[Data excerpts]

————————

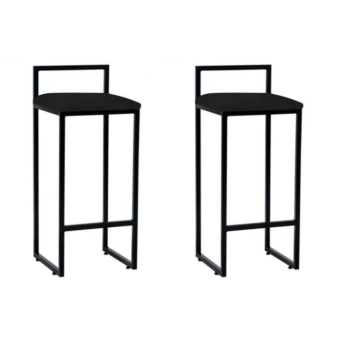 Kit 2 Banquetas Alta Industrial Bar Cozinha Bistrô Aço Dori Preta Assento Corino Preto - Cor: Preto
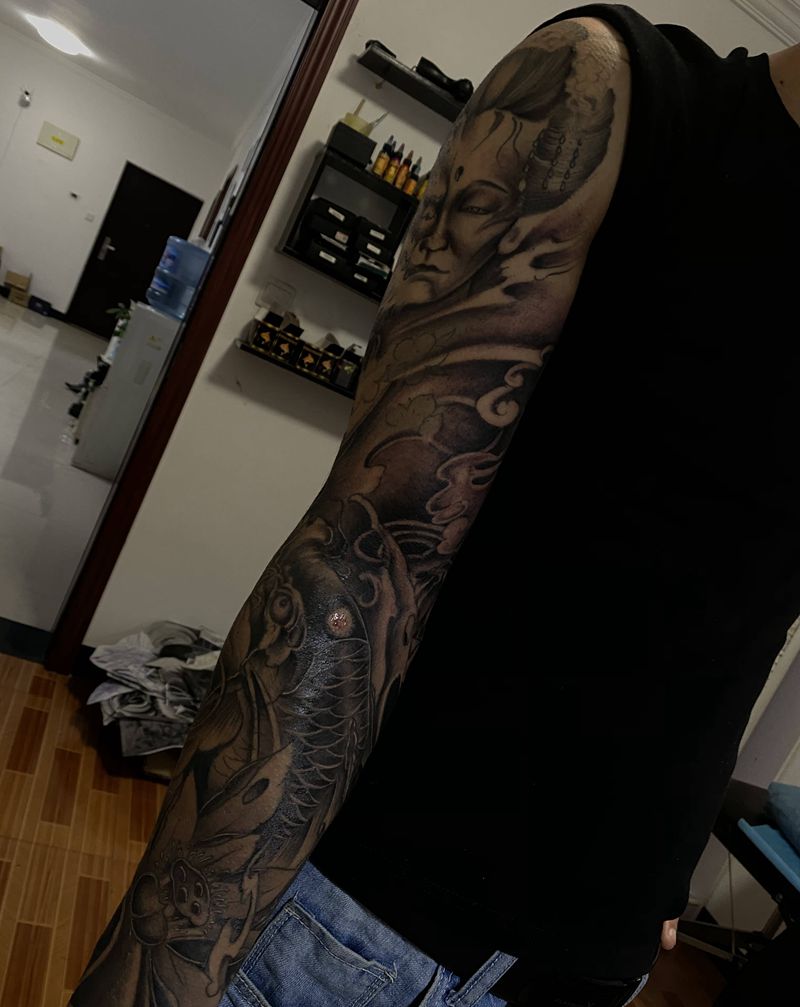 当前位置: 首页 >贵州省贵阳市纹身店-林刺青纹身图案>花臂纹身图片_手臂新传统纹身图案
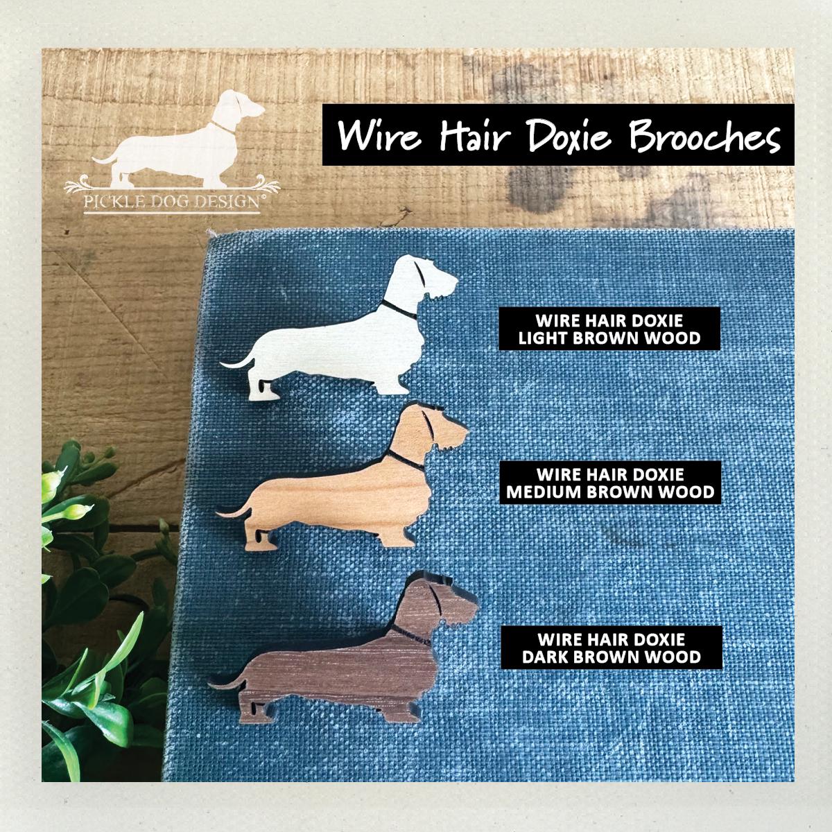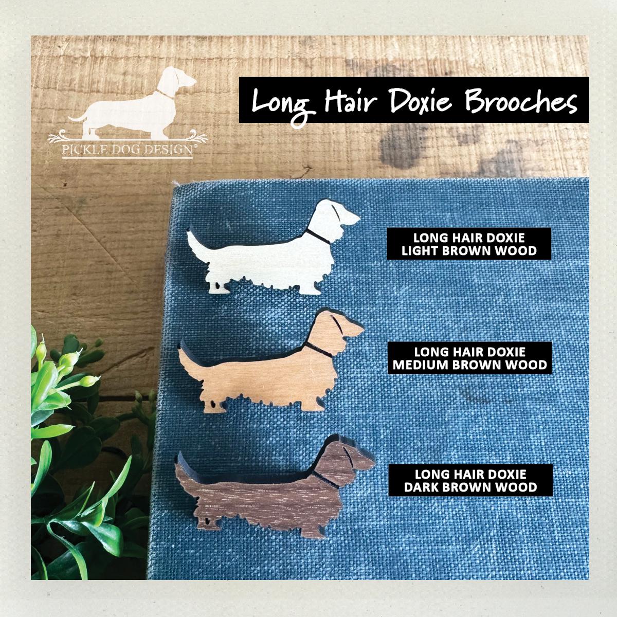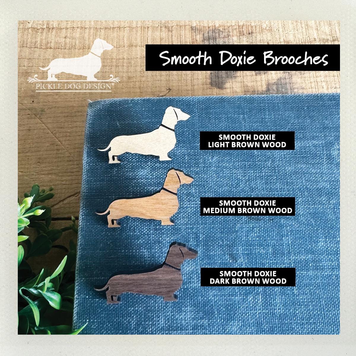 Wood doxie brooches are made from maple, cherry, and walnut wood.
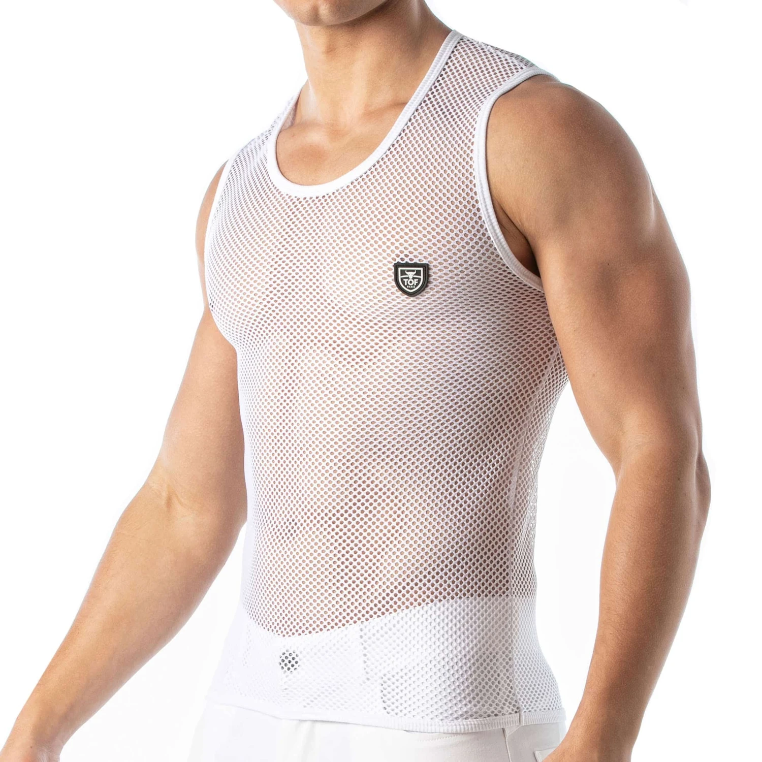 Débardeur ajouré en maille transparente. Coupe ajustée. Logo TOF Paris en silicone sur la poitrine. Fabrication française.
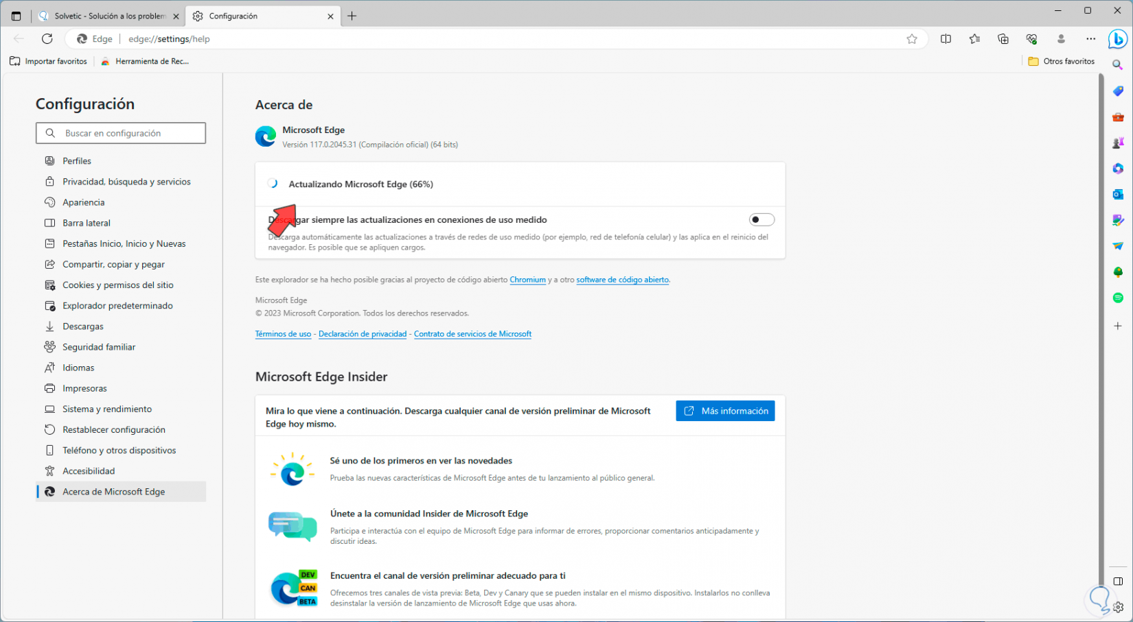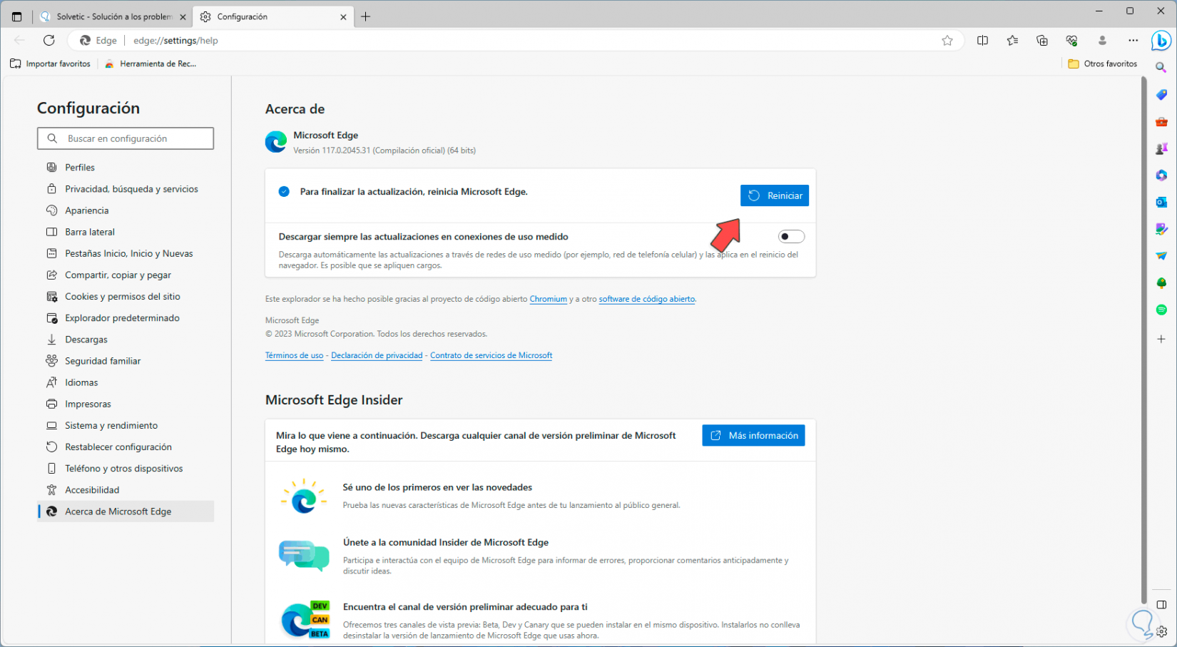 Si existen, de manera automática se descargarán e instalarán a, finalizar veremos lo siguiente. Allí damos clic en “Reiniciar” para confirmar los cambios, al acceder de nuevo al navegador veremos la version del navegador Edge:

————————

**Work to be completed:** Retype the records above exactly, pictures omitted.

**Answer section:**
 Kit 2 Banquetas Alta Industrial Bar Cozinha Bistrô Aço Dori Preta Assento Corino Preto - Cor: Preto
 当前位置: 首页 >贵州省贵阳市纹身店-林刺青纹身图案>花臂纹身图片_手臂新传统纹身图案
 Wood doxie brooches are made from maple, cherry, and walnut wood.
 Débardeur ajouré en maille transparente. Coupe ajustée. Logo TOF Paris en silicone sur la poitrine. Fabrication française.
 Si existen, de manera automática se descargarán e instalarán a, finalizar veremos lo siguiente. Allí damos clic en “Reiniciar” para confirmar los cambios, al acceder de nuevo al navegador veremos la version del navegador Edge:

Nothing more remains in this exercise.